Lawmakers on both sides of the aisle are asking their colleagues to consider revamping the Electronic Communications Privacy Act in order to bring the nearly 30-year-old law in line with modern technology.

The Electronic Communications Privacy Act of 1986 (ECPA), included a provision that allows law enforcement to obtain emails from service providers without requiring a warrant if the communications in question exist on a third-party server for more than six-months.

In 1986, few Americans kept their personal communications on the servers of Internet Service Providers. Users almost always downloaded their correspondence onto their personal computers. Cloud technology has now made that practice increasingly obsolete. Today, email users often let messages sit indefinitely on decentralized servers. This allows for downloading and sending messages from any internet-ready device.

In exchange for that convenience benefit, messages stored remotely in the “cloud” become readily available to investigators who currently do not even need to obtain a warrant to ask tech companies for your correspondence.

Lawmakers in Washington seem ready to protect users (including themselves) by updating the ECPA.

Rep.

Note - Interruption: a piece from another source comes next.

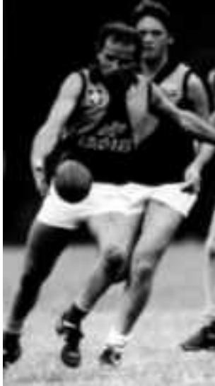
Action from the 1990 grand final curtain raiser between East Midland and the West Country Tigers

The brown and golds started hot favourites on two counts: the match was being played on the Hawks' own home ground in Wimbledon, and both previous encounters between the sides had seen them emerge victorious, by 40 points in round 5, and 5 15 points in a hard fought 2nd semi final a fortnight earlier.

Zoe Lofgren (D-California) recently told northern-California-based channel KQED News, that current law is based “on the presumption, I guess, that nobody has a privacy interest in emails stored beyond 180 days.”

“That’s absurd,” said Lofgren, who is trying to change the law by way of a bill proposed this week that has already garnered bipartisan support.

Along with Reps. Ted Poe (R-Texas) and Suzan DelBene (D-Washington), Lofgren is putting her weight behind the Online Communications and Geolocation Act in an effort to modernize ECPA in a way that requires law enforcement officers to obtain a warrant before they ask any telecoms for personal messages or information that may disclose location information.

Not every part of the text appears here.